Goodbody analysts have set out their view on the prospects for Whitbread, post the divestment of Costa, suggesting that it opens the door for value creation.
The note says:
Following the sale of Costa to Coca-Cola for £3.9bn (16.4x EBITDA), our focus now shifts to the Hotels and Restaurants division. We have always liked the Premier Inn business and believe the sale of Costa leaves Whitbread a much more attractive investment case with better long-term growth prospects both in the UK and internationally. Additionally, the majority of the proceeds are expected to be returned to shareholders, which we think will likely be done by way of a special dividend and/or a share buyback.
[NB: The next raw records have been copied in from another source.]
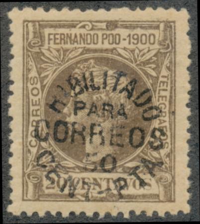 Fernando Po. Scott 88B, VF LH, 1900 50c on 20c CV $14.00 (Image)
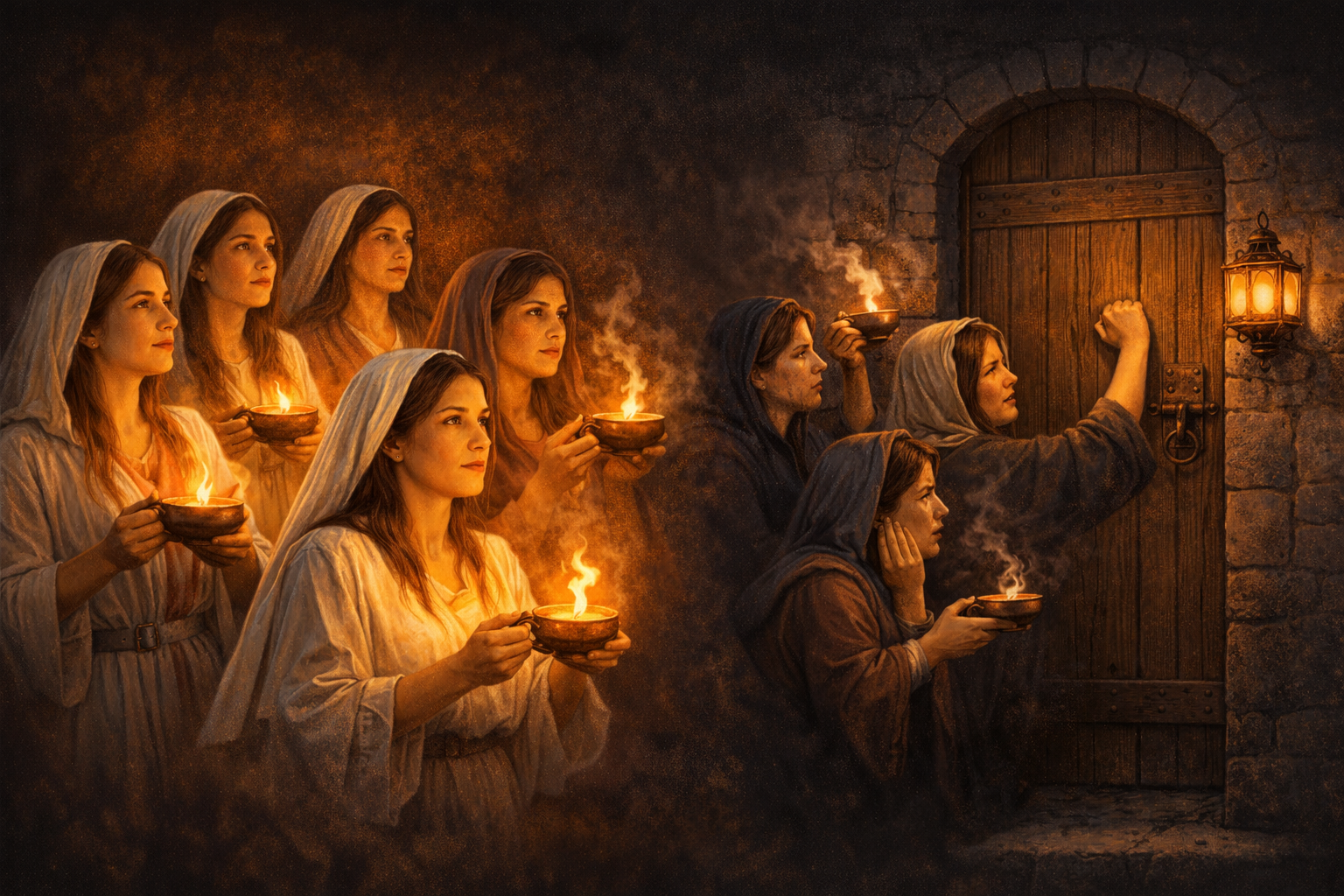 Lembre-se que o noivo ainda não voltou, mas logo virá, compre azeite enquanto é tempo e reacenda a lamparina que um dia veio a apagar, para que assim o noivo te encontre vigilante, e que ao invés de uma porta fechada, você entre com todos para festejar juntamente com o noivo.
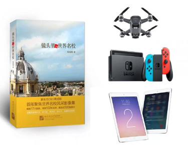签约即送周成刚老师著《镜头里的世界名校》,同时可参与红包抽奖,还有大疆Spark无人机、任天堂游戏机、ipad等着你
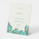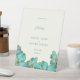 Symbole de Mariage Faveurs Piédestal avec fleurs turquoises de couleur avec des rayures de feuille dorée et de rouille. Beau mariage artistique fleuri favorise le signe du piédestal. Vintage aquarelle Mariage Faveurs Pedestal Signal. Turquoise et Golden Collection.
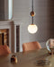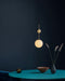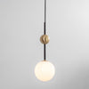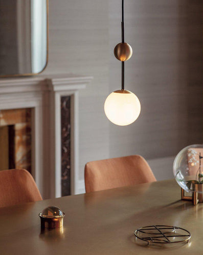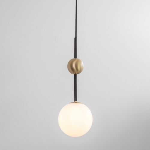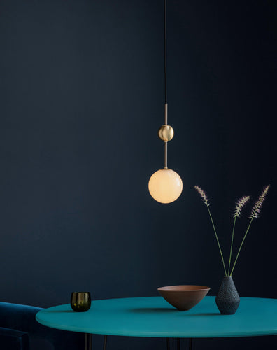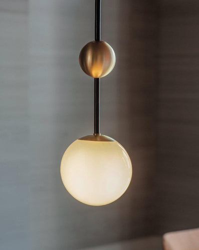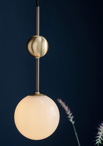 The Rift pendant light by Bert Frank - clean and crisp design – essentially, one small brass sphere positioned above a larger frosted glass globe – that plays with form and balance.

H1 Results due on October 23rd
Whitbread will report its interim results next week, and we expect most of the focus will be on the Hotels and Restaurants division. For this division we forecast revenue growth of 7% yoy to £1,128m, and EBIT of £312m, +6% yoy. Given a softer hotel market backdrop and surge in new supply (in London in particular) we forecast London LFL RevPAR of -3% and flat RevPAR in Regional UK. We expect LFL sales growth of +1% in the Restaurants division. Outside of this we hope to get an update on the timeline for completion of the sale of Costa and reiteration of targets provided earlier in the year.
Valuation looks particularly undemanding – Upgrade to BUY
Based on our forecasts the implicit value of the new group is now just 8.7x EV/EBITDA. We believe this is a very undemanding valuation and there is scope for further value creation. Looking at the new group we use a SOTP valuation, placing an 11x multiple on Hotels and 7.5x on the Restaurants division. This yields a price target of £53, representing c.17% upside to current levels. We upgrade to a BUY recommendation.